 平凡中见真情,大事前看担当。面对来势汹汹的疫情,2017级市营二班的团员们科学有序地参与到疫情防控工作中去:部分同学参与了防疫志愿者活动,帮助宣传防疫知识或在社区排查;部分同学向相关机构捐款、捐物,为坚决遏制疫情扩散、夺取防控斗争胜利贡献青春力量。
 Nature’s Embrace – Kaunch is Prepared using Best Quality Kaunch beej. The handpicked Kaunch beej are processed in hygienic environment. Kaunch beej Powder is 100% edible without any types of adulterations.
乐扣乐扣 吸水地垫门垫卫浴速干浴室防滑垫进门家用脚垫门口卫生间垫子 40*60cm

* * *

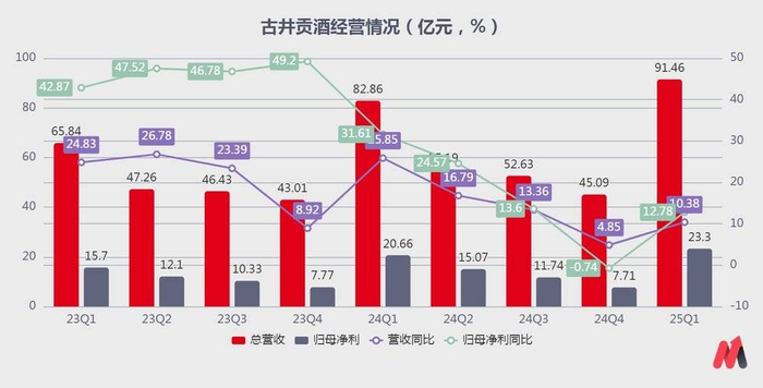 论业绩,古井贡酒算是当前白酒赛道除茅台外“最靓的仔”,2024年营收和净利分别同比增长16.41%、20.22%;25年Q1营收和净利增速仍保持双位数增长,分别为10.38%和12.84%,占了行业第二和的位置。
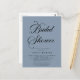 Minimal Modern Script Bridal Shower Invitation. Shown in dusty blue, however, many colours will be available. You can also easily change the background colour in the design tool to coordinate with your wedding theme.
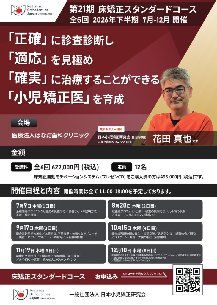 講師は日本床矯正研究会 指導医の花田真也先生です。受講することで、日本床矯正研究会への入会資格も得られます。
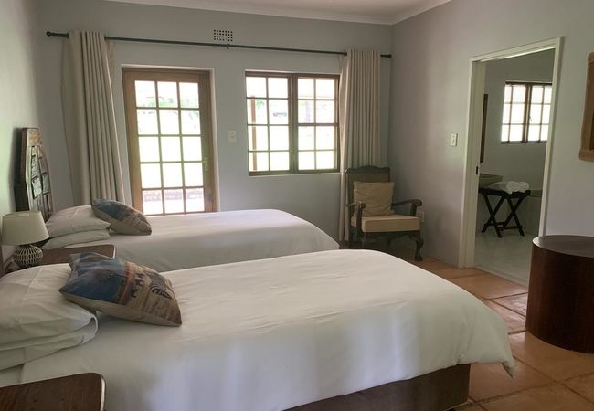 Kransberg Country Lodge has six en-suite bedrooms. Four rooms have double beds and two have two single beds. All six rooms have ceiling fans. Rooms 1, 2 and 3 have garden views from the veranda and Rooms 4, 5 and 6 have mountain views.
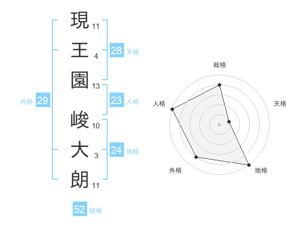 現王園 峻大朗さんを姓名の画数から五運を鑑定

• EXERCISE
Print from the line containing "论业绩,古井贡酒算是当前白酒" through the line containing "現王園 峻大朗さんを姓名の画数から五運を鑑定" in the data above, exactly as the lines stand, and omit every picture.

• RESPONSE AREA
 论业绩,古井贡酒算是当前白酒赛道除茅台外“最靓的仔”,2024年营收和净利分别同比增长16.41%、20.22%;25年Q1营收和净利增速仍保持双位数增长,分别为10.38%和12.84%,占了行业第二和的位置。
 Minimal Modern Script Bridal Shower Invitation. Shown in dusty blue, however, many colours will be available. You can also easily change the background colour in the design tool to coordinate with your wedding theme.
 講師は日本床矯正研究会 指導医の花田真也先生です。受講することで、日本床矯正研究会への入会資格も得られます。
 Kransberg Country Lodge has six en-suite bedrooms. Four rooms have double beds and two have two single beds. All six rooms have ceiling fans. Rooms 1, 2 and 3 have garden views from the veranda and Rooms 4, 5 and 6 have mountain views.
 現王園 峻大朗さんを姓名の画数から五運を鑑定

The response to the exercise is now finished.